1. Critically low unit test coverage on core modules

docker-manager.ts (the most complex file β€” ~250 statements, 25 functions) has only 18% statement coverage and 4% function coverage. cli.ts (the main entry point, ~69 statements) has 0% coverage. These files contain the container lifecycle logic, cleanup handlers, signal processing, and exit code propagation β€” all of which are critical paths.

Current overall coverage: 38% statements / 31% branches with very low enforcement thresholds (38% / 30%).

2. chroot-copilot-home.test.ts not wired to any CI workflow

The file tests/integration/chroot-copilot-home.test.ts exists but is not included in any --testPathPatterns in test-integration-suite.yml or test-chroot.yml. These tests never run in CI, meaning regressions in Copilot home directory handling will go undetected.
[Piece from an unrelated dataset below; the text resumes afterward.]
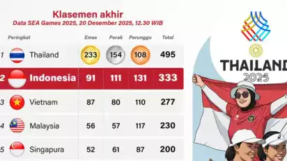 tvOnenews.com - Tim Indonesia resmi mengunci posisi runner-up pada klasemen akhir SEA Games 2025. Kepastian finis di peringkat kedua ini menjadi kabar membanggakan, terlebih diraih lewat perjuangan konsisten para atlet di berbagai cabang olahraga hingga hari terakhir pertandingan.

3. build-test-node.md is uncompiled

agenticworkflows-status reports build-test-node with compiled: "No". This means the Node.js build-test workflow (which exercises real npm projects through the firewall) does not execute in CI. Node.js is the primary ecosystem for this project.
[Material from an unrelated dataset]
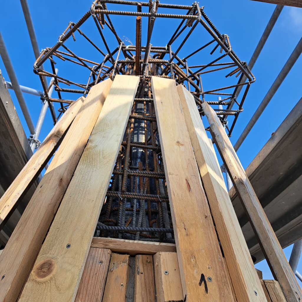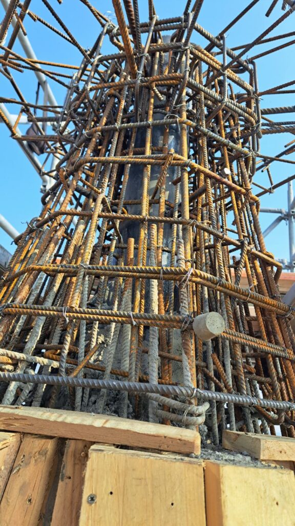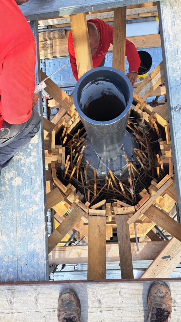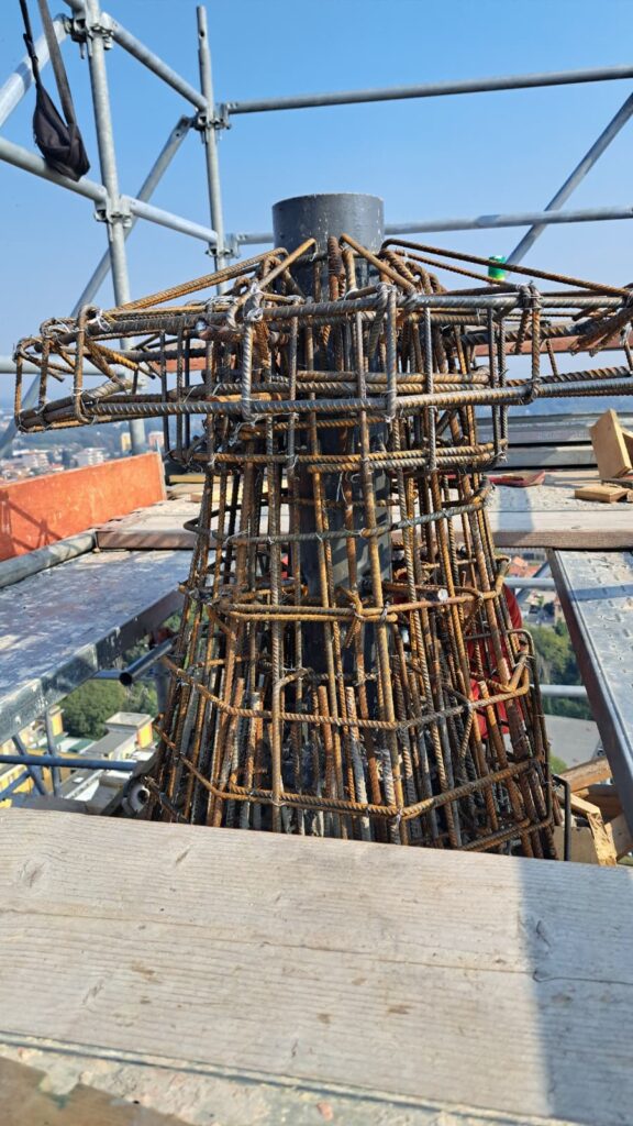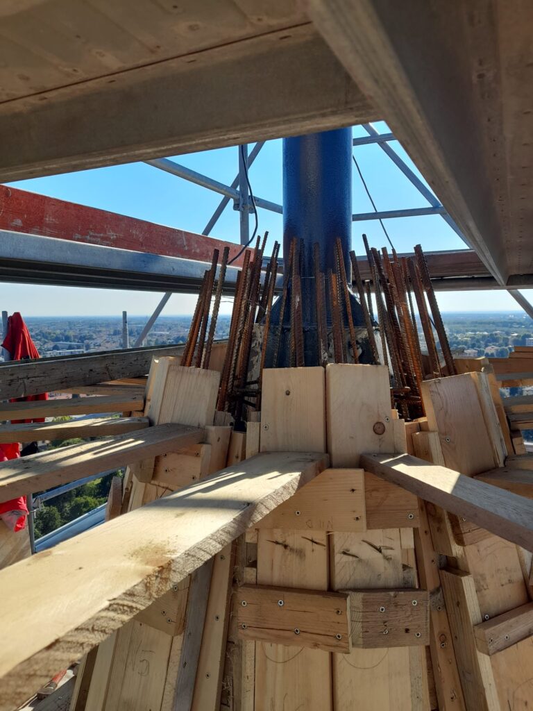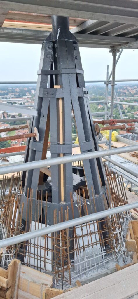 Dopo aver collocato la botola di uscita per eventuali manutenzioni e aver collocato le staffe per la scala di salita esterna, siamo finalmente pronti per l’ultima gettata della muratura. Il passo successivo sarà la casseratura per il “fungo” sommitale che reggerà la sfera ai piedi della Croce. A quel punto tutta la gettata sarà terminata. Intanto si è dato il via alla realizzazione della nuova Croce in acciaio.

4. API Proxy container is not included in container-scan.yml

The Trivy scan in container-scan.yml covers the agent and squid images but not the api-proxy container. The API proxy is a Node.js HTTP server that handles authentication token injection β€” a high-value security target. Its base image and npm dependencies should be scanned for CVEs on every change to containers/api-proxy/**.


🟑 Medium Priority

5. Duplicate ESLint execution

Both build.yml and lint.yml run npm run lint on every PR. This is redundant and wastes ~1–2 minutes of CI time per PR. One of these should be removed or consolidated.

6. No code formatting check (Prettier not enforced)
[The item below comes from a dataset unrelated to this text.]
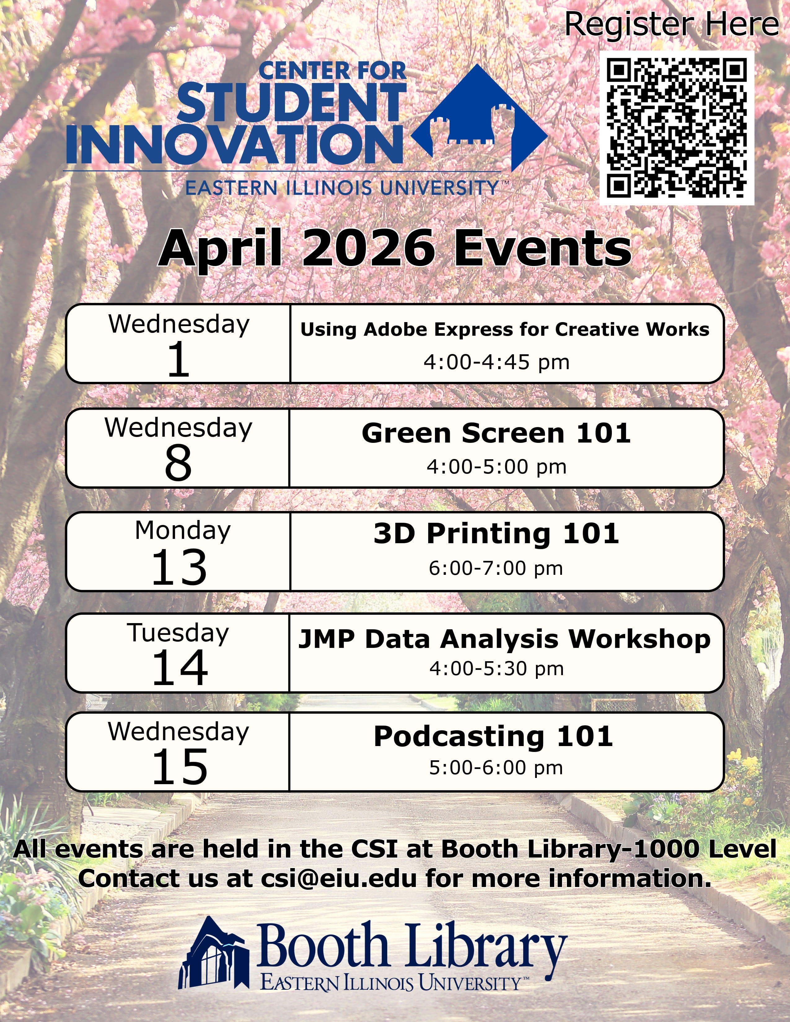 All events take place at the 1000 level of Booth Library in the Center for Student Innovation. Register to attend CSI workshops and learning labs through LibCal. For more information, please contact the CSI at csi@eiu.edu.

The project has ESLint but no Prettier or --fix enforcement. Code style inconsistencies can accumulate silently. There is no formatting gate preventing unformatted code from merging.

7. No shell script linting (shellcheck)

The repository contains multiple shell scripts in containers/agent/ (setup-iptables.sh, entrypoint.sh), containers/squid/, and scripts/ci/. These scripts contain security-critical logic (iptables setup, capability drops) but are not validated by shellcheck in CI. Shell bugs in these scripts could silently weaken the firewall.

8. container-scan.yml only triggers on containers/** path changes

The container scan is path-filtered to containers/**, meaning PRs that change the container base images or packages indirectly (e.g., through apt calls in scripts referenced by Dockerfiles) won't trigger a scan. The weekly schedule catches this eventually, but a window exists.

9. No binary artifact size monitoring

The release pipeline builds standalone binaries (awf-linux-x64, awf-darwin-arm64, etc.). There is no check to detect unexpected size increases (which could indicate accidental large dependency inclusion). A simple size threshold check in the release workflow or a separate PR check would catch this.

10. CI Doctor shows all-skipped runs

All 7 recent CI Doctor runs have conclusion skipped. The CI Doctor workflow monitors the health of other workflows via workflow_run trigger, but if the triggering workflows aren't completing as expected (or the name list is stale), the doctor never fires. This monitoring gap means workflow regressions (broken workflows that stop running entirely) may go unnoticed.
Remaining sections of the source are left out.